Testing the Combination of the Anti-cancer Drugs XL184 (Cabozantinib) and Nivolumab in Patients With Advanced Cancer and HIV

Study Description

Brief Summary

This phase I trial investigates the side effects of cabozantinib and nivolumab in treating patients with cancer that has spread to other places in the body (advanced) and who are undergoing treatment for human immunodeficiency virus (HIV). Cabozantinib may stop the growth of tumor cells by blocking some of the enzymes needed for cell growth. Immunotherapy with monoclonal antibodies, such as nivolumab, may help the body's immune system attack the cancer, and may interfere with the ability of tumor cells to grow and spread. Giving cabozantinib and nivolumab may shrink or stabilize cancer in patients undergoing treatment for HIV.

Detailed Description

PRIMARY OBJECTIVES:

1. To determine the safety of combined nivolumab and cabozantinib s-malate (XL184 [cabozantinib]) in human immunodeficiency virus (HIV) patients with advanced solid tumors.

2. To determine the feasibility to deliver the combined nivolumab and XL184 (cabozantinib) for a minimum of 4 cycles in at least 75% of the subjects in the expanded cohort with Kaposi sarcoma (KS) or to achieve a confirmed objective response.

SECONDARY OBJECTIVES:

1. To observe and record anti-tumor activity in subjects with Kaposi sarcoma (KS).

2. To assess the effect of treatment on participants' immune status (CD4 and CD8 cell counts) and HIV viral loads.

3. To preliminarily evaluate the objective response rate (ORR) to the combination treatment in subjects with KS.

EXPLORATORY OBJECTIVES:

1. To assess duration of response (DOR), progression-free survival (PFS), and overall survival (OS) in subjects with KS.

2. To assess the PD-L1 immunohistochemistry (IHC) status in tumors and tumor microenvironment and its association with clinical outcome.

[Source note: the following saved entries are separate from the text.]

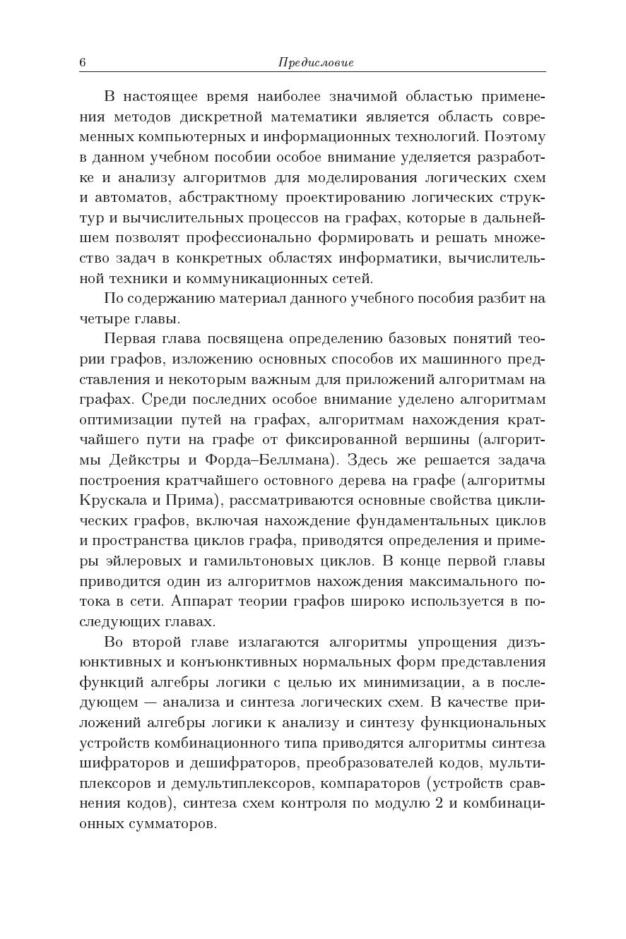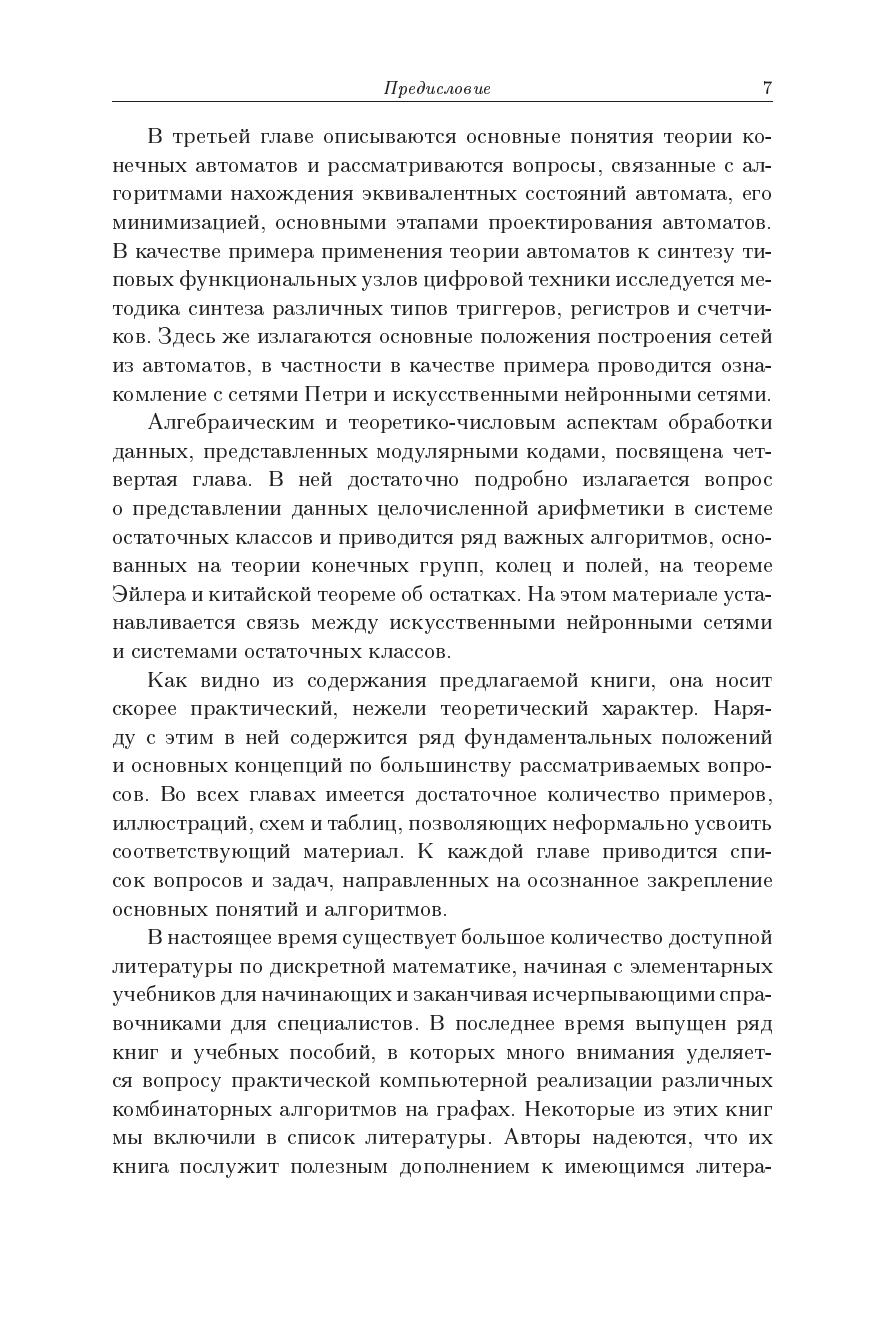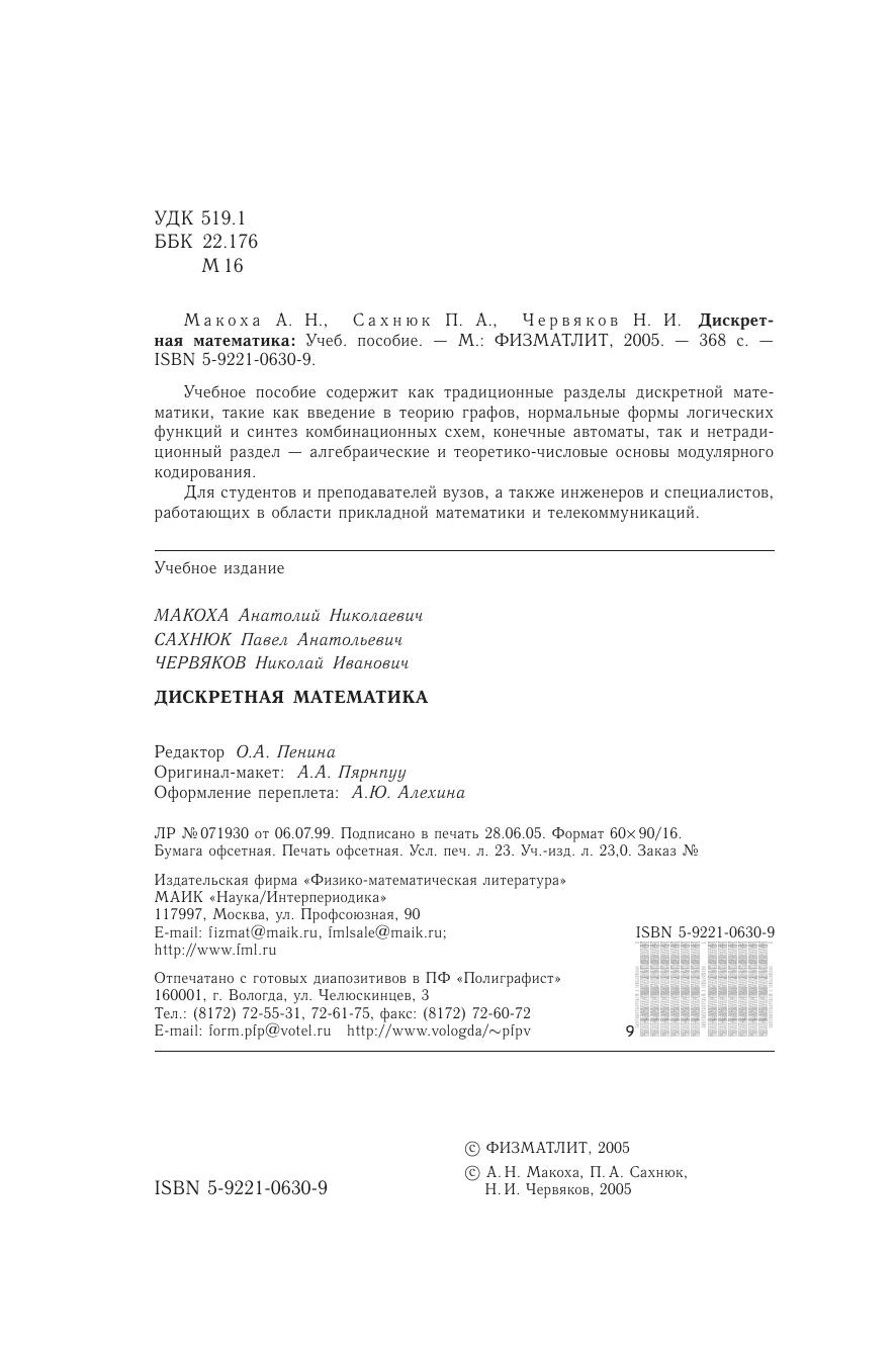 Учебное пособие содержит как традиционные разделы дискретной математики, такие как введение в теорию графов, нормальные формы логических функций и синтез комбинационных схем, конечные автоматы, так и нетрадиционный раздел — алгебраические и теоретико-числовые основы модулярного кодирования.Для студентов и преподавателей вузов, а также инженеров и специалистов, работающих в области прикладной математики и телекоммуникаций.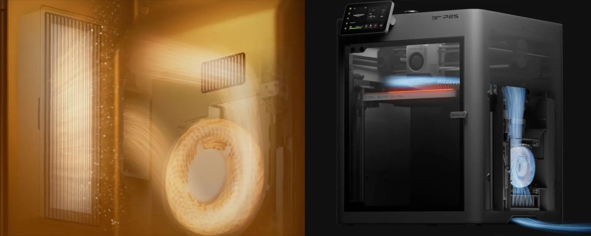 Der Innenraumlüfter sorgt für eine konstante Temperatur im Bauraum und leitet die Abluft über einen Aktivkohlefilter, der Partikel und Gerüche effektiv reduziert. So bleibt die Luft selbst beim Drucken mit Materialien wie ABS sauber und frei von störenden Emissionen.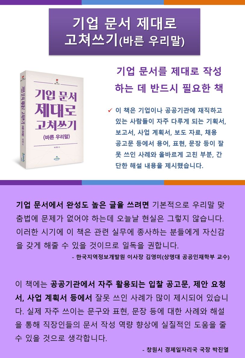 이 책과 인연을 맺은 분들이 기업 문서를 우리말 어법에 맞게 그리고 우리말답게 쓰는 데 도움이 되었으면 합니다.

3. To assess the expression characteristics and cellular distribution of immune checkpoints (PD-L1, B7x, HHLA2, B7H3), infiltrating immune cells (CD4 T cells, CD8 T cells, regulatory T-cells [Tregs], myeloid-derived suppressor cell [MDSC]), and other tumor microenvironment biomarkers (VEGF, VEGFR, MET, and AXL) in the tissue by multiplex quantitative immunofluorescence (MQIF).

4. To correlate markers of immune activation and expansion of immune cell subsets and cytokines with clinical outcomes.

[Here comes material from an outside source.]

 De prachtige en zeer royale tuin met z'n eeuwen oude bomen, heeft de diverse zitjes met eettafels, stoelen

5. To assess the treatment effects on latent HIV reservoir. VI. To investigate the dynamic changes of immune checkpoints, angiogenesis markers, and infiltrating immune cells among subjects with available pre- and post-treatment biopsy samples (including subjects with Kaposi sarcoma [KS]).

OUTLINE:

Patients receive cabozantinib s-malate orally (PO) once daily (QD) on days 1-28 of each cycle and nivolumab intravenously (IV) over 30 minutes on day 1 of each cycle. Cycles repeat every 28 days for up to 1 year or 1 year after a partial response is achieved, or 6 months after a complete response is achieved in the absence of disease progression or unacceptable toxicity.

After completion of study treatment, patients are followed up for 16 weeks.

Study Design

Outcome Measures

Primary Outcome Measures

1. Incidence of dose limiting toxicities (DLTs) [28 days]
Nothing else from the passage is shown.